• _Your objective_
Transcribe, exactly and without pictures, the lines below from the line with "3月21日,內蒙古自治區司法" to the line with "График проведения встреч", both ends included, and no others.

• _Data for this task_
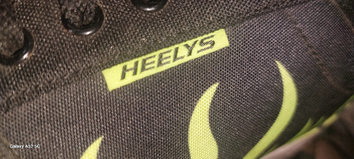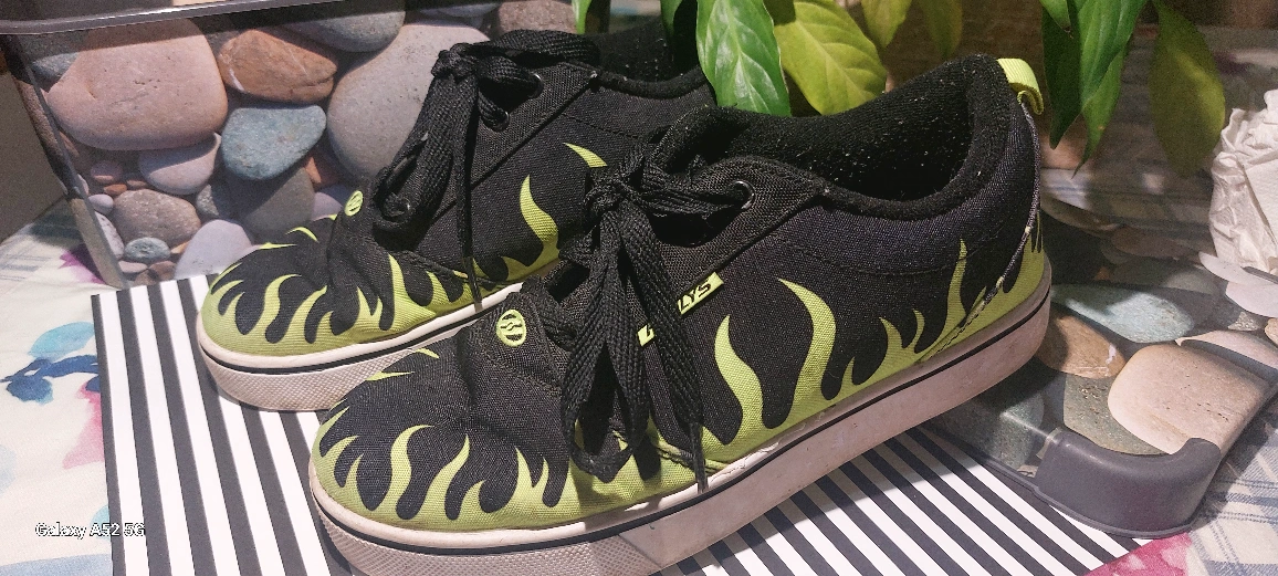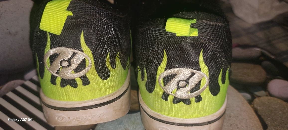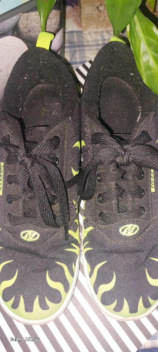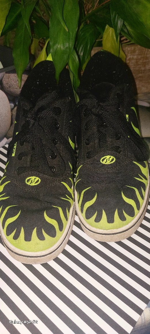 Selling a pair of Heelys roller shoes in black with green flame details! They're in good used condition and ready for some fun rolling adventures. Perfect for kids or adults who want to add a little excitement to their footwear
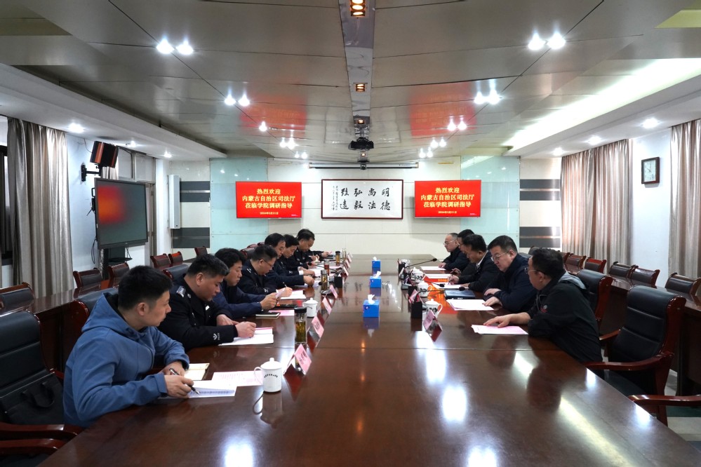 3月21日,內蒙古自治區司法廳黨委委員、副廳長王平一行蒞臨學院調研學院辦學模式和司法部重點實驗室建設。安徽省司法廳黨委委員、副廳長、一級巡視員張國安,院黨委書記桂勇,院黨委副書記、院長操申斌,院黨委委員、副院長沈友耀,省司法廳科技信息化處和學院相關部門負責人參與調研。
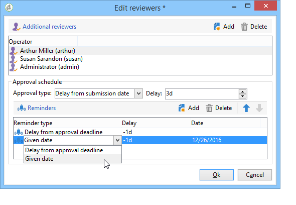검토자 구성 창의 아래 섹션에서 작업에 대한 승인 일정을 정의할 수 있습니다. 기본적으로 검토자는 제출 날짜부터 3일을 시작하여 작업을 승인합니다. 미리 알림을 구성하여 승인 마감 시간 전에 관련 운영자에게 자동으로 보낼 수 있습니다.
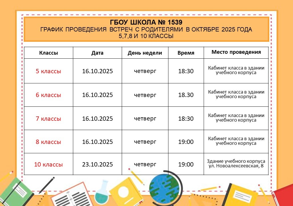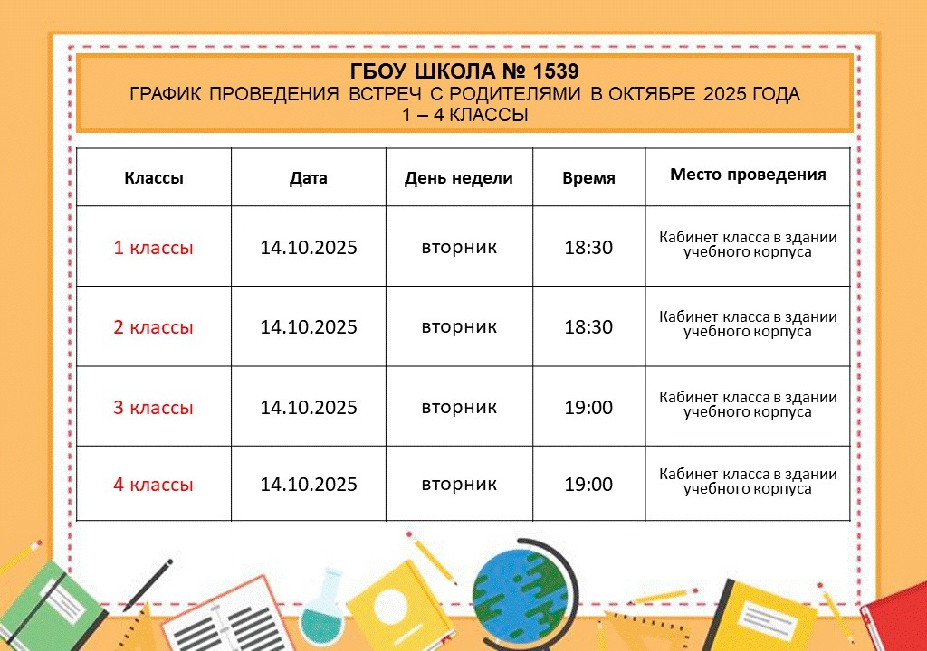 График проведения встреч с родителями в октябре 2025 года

---

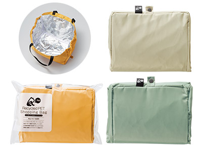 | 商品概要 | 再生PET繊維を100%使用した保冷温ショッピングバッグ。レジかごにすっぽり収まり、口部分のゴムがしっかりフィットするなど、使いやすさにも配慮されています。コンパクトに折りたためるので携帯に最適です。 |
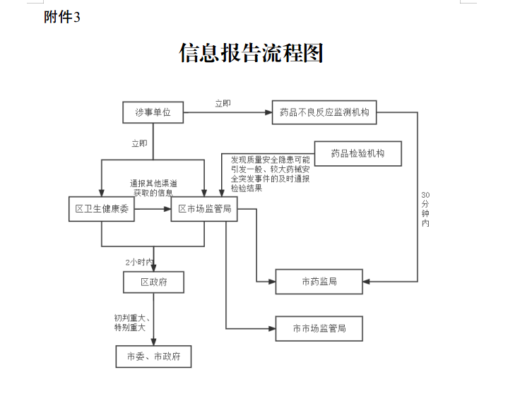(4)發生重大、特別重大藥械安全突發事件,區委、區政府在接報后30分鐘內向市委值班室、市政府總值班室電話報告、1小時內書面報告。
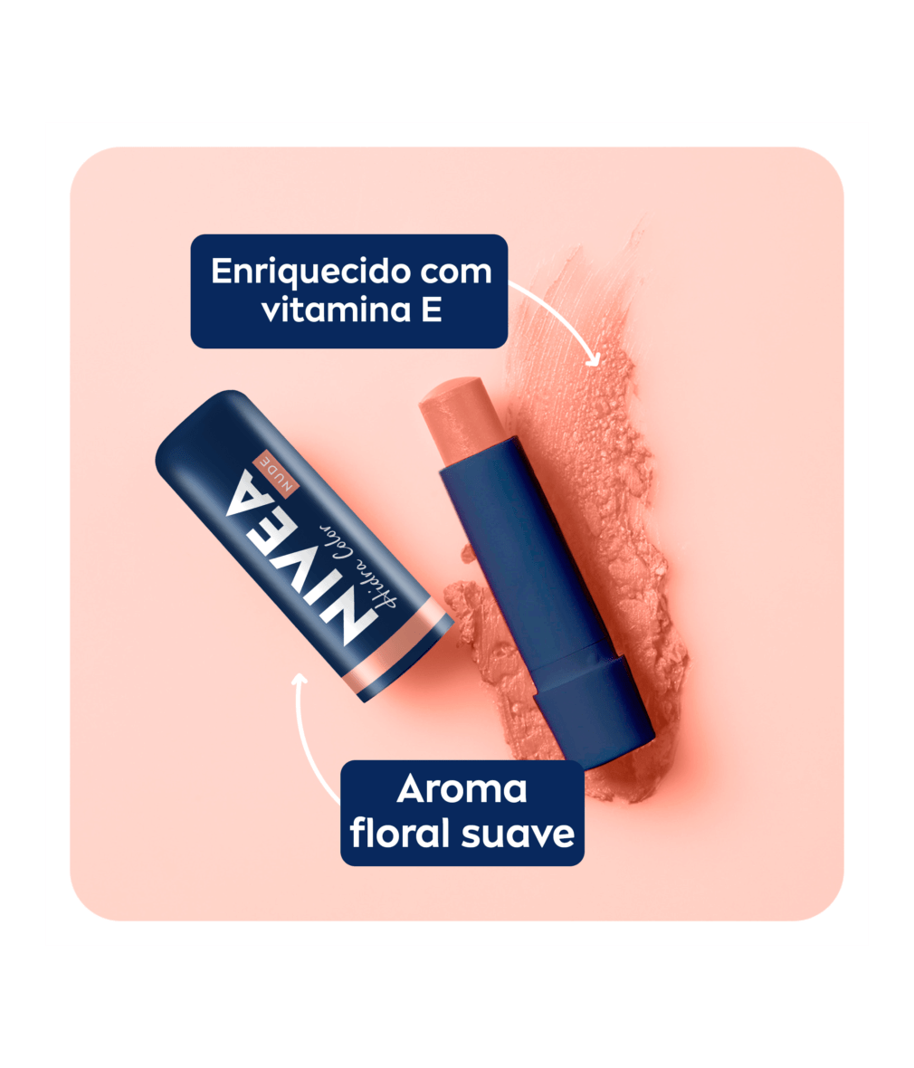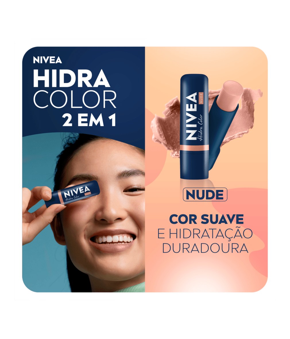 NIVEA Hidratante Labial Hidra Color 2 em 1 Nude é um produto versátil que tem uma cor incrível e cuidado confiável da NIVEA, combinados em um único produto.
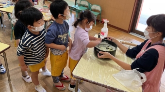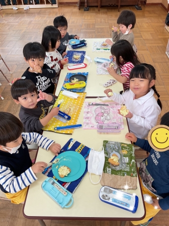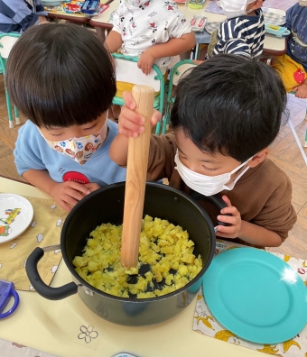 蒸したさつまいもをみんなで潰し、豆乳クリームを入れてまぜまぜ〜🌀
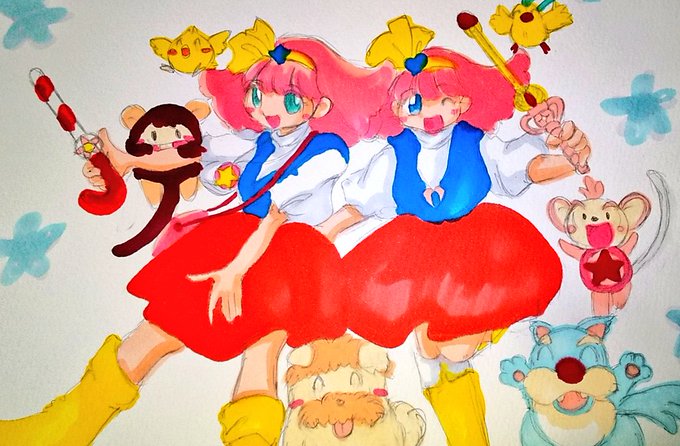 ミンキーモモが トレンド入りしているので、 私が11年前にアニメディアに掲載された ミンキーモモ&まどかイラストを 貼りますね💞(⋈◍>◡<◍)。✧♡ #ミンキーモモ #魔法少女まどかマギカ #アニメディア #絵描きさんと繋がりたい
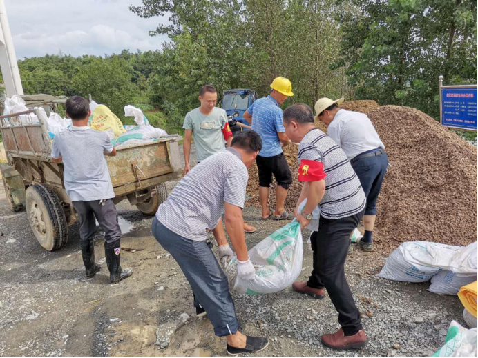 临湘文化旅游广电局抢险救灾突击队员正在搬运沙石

• _Completed exercise_
 3月21日,內蒙古自治區司法廳黨委委員、副廳長王平一行蒞臨學院調研學院辦學模式和司法部重點實驗室建設。安徽省司法廳黨委委員、副廳長、一級巡視員張國安,院黨委書記桂勇,院黨委副書記、院長操申斌,院黨委委員、副院長沈友耀,省司法廳科技信息化處和學院相關部門負責人參與調研。
검토자 구성 창의 아래 섹션에서 작업에 대한 승인 일정을 정의할 수 있습니다. 기본적으로 검토자는 제출 날짜부터 3일을 시작하여 작업을 승인합니다. 미리 알림을 구성하여 승인 마감 시간 전에 관련 운영자에게 자동으로 보낼 수 있습니다.
 График проведения встреч с родителями в октябре 2025 года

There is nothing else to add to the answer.